The importance of breadth is even clearer for Data Analysts given their role as Data Evangelists within the business. Analysts work directly with the business to make us more data-driven. This gives them a unique insight into how we ought to build our data platform to maximise impact. Analytics teams who have to rely on another team, perhaps in a different org, for data transformations will either be perennially frustrated or will build a shadow data warehouse to serve their needs. Enabling analysts to do engineering, as we do, avoids these issues. This approach also empowers self-serve – if your Data Warehouse is set up with analytics in mind, people will find it a lot easier to do analytics themselves.
The final benefit of empowering data teams to do things for themselves is that you minimise hand-offs. The more end-to-end you allow a team to be, the less time you spend managing handovers and integrations between teams.
All these benefits sound great and the way we’ve structured our Data teams makes a lot of sense for FreeAgent.
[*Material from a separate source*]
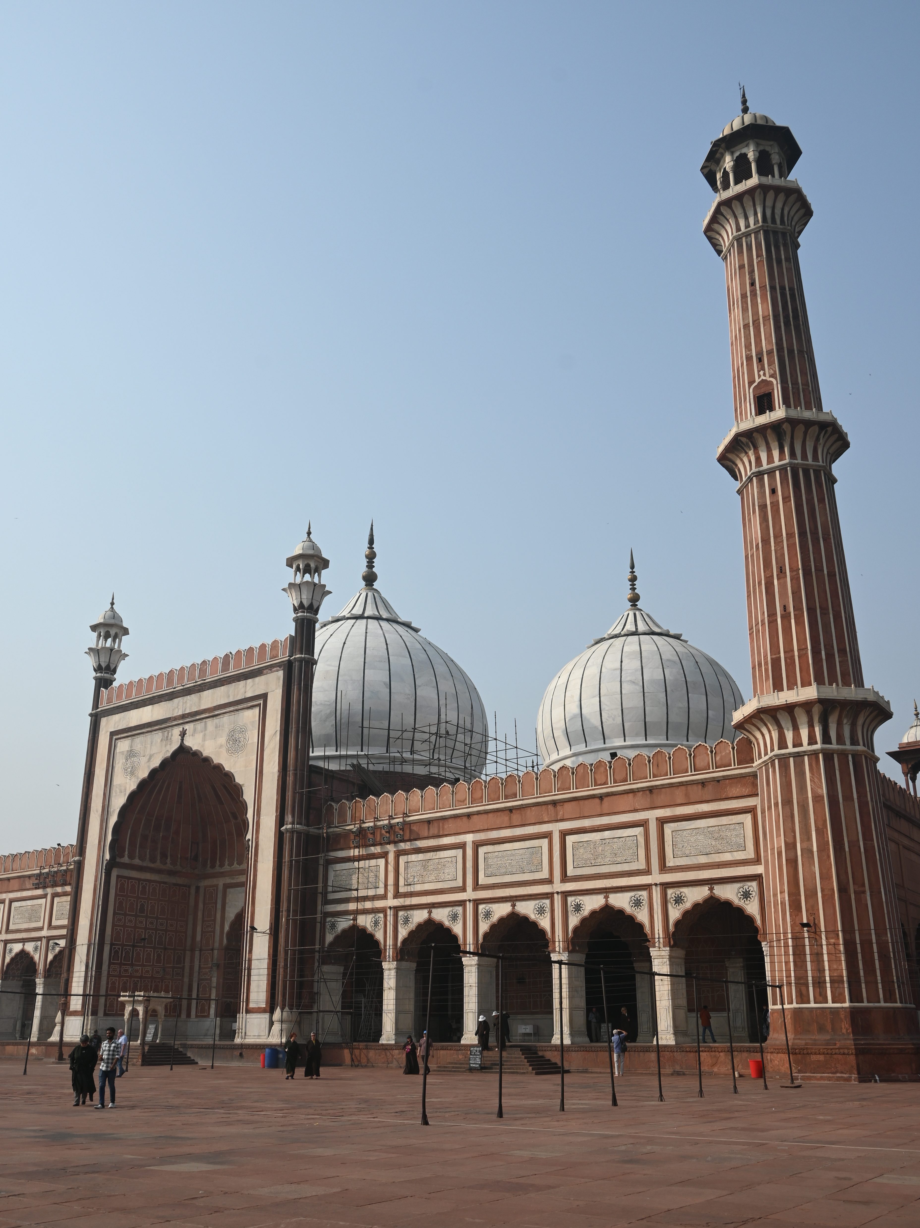 La llegada a la mezquita a primera hora de la mañana se siente como un oasis de calma entre la mugre de la ciudad, pero también el primer lugar donde empezamos a sentir que quieren cobrarnos por todo, una tónica en este área tan turística. La entrada a la mezquita son 300 rupias, más otras 50 por el alquiler de una túnica para mujeres, pues es obligatoria incluso llevando manga y pantalón largos. Además, hay que descalzarse y después te cobran 100 rupias más por haber «cuidado» de tu calzado amontonado con otras decenas de pares, durante unos 30 minutos o menos. Esto que acabo de describir sucederá de una manera u otra cada día y en cada zona turística.

However, it’s worth considering the limitations of this approach and how they might be addressed.
Large enterprises with a wide range of products, data sources and technologies will likely find it difficult to do without dedicated architects. Our Analytics team looks after Data Modelling as part of doing analytics. This approach may become untenable for organisations with more complex data, requiring dedicated architects instead. Similarly, our Data Platform team design, build and maintain our data platform. Larger organisations with more complex data platforms may, again, need people dedicated to designing those platforms. However, we shouldn’t lose sight of the benefits that come from involving engineers and analysts in architectural decisions.
Another aspect of our approach that may not scale to larger organisations is the lack of dedicated Data Engineers. We are able to do our data transformations with tools accessible to Data Analysts and Data Scientists. If we had a larger volume of data in a wider range of formats we might need to use more specialised data engineering tools. It could be unreasonable to expect Data Analysts and Data Scientists to use these more specialised tools, which are better suited to dedicated Data Engineers. One interesting question to consider is how the latest generation of tools affects the point at which you need Data Engineers. Do cloud-native data warehouses like Redshift and BigQuery, combined with accessible transformation tools (Matillion, dbt), mean you can go a lot further without dedicated Data Engineers?
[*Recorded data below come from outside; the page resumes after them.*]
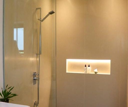 Санузел: душевая кабина под открытым небом, ванна, органическая косметика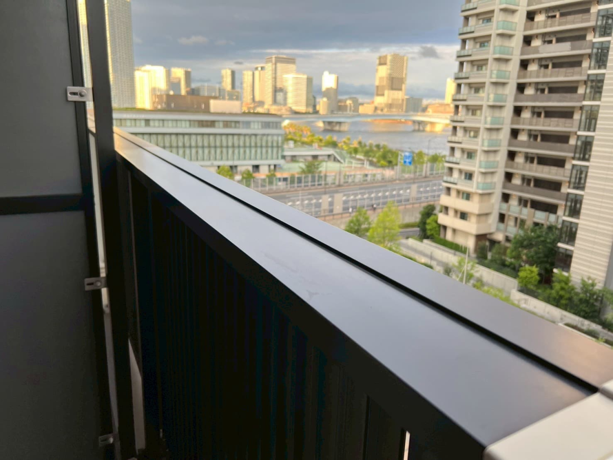 まずは高いところから手すりの部分や室外機、給湯器の外側もキレイにしていきます。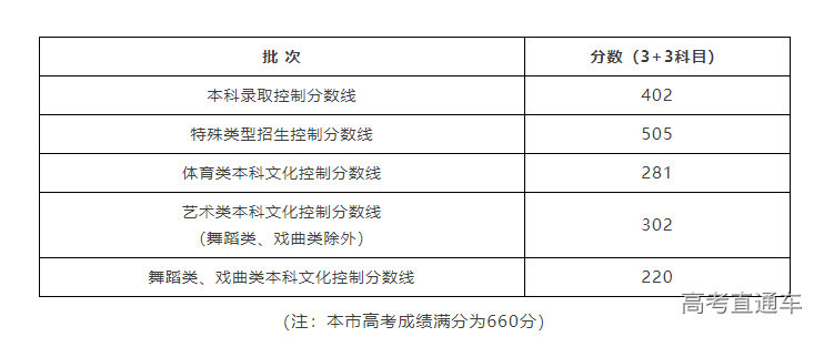 本科录取控制分数线为402分(上海市高考成绩满分为660分);特殊类型招生控制分数线为505分;艺术类本科文化控制分数线为302分,其中舞蹈类、戏曲类本科文化控制分数线220分;体育类本科文化控制分数线为281分。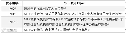 我们知道,为监测货币供给量、提高货币政策效果,货币当局通常根据流动性不同将货币分层。在咱们国家,中国人民银行(央行)将货币分为M0、M1、M2和M3(M3是出于金融创新不断出现的现状考虑而设,至今尚未编制),流动性依次下降、统计范围依次上升: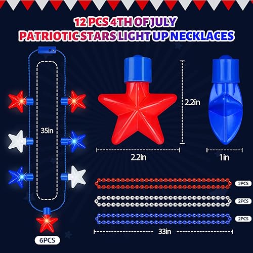 12Pcs 4th of July Necklace Accessories 7 Bulb Independence Day 4th of July Light Up Stars Very well made.

I feel like organisations of any size could include the Analytics Engineering and Machine Learning Engineering elements of our approach. Empowering analysts to do more engineering for themselves with tools that encourage software engineering best practices is always a plus. A quick search of ‘Analytics Engineering’ will show you the range of organisations adopting this approach. Equally, Machine Learning Engineering is here to stay as it just makes sense given the tooling and expectations for machine learning today.
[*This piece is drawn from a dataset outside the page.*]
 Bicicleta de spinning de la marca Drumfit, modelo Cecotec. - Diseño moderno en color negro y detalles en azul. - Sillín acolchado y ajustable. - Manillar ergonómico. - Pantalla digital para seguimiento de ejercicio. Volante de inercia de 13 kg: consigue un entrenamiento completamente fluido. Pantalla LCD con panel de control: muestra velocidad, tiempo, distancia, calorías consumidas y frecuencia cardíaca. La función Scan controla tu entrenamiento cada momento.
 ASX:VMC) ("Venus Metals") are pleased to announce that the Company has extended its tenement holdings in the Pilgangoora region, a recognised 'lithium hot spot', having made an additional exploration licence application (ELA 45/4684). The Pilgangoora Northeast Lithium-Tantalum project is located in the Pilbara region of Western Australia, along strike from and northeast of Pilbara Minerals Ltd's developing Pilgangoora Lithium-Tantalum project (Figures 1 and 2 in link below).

This post has introduced Data at FreeAgent and the different teams we have. To recap, we have three teams:
- Analytics maintain our Data Warehouse and Looker instance, do analyses and help the business become more data-driven
- As the name suggests, Data Platform look after our data platform, the tools we use and how they all work together
- Data Science own the end-to-end production of Machine Learning models
As much as possible, teams own, design and build the tools that they use. This result is ‘T-shaped’ teams with breath outside of their core expertise. For example, in Data Science we have core expertise in machine learning while also being involved in the data platform to the left of our models and the serving infrastructure to the right. Taking such an approach gives teams the opportunity to drive their own impact within the organisation as well as creating varied and interesting roles for individuals.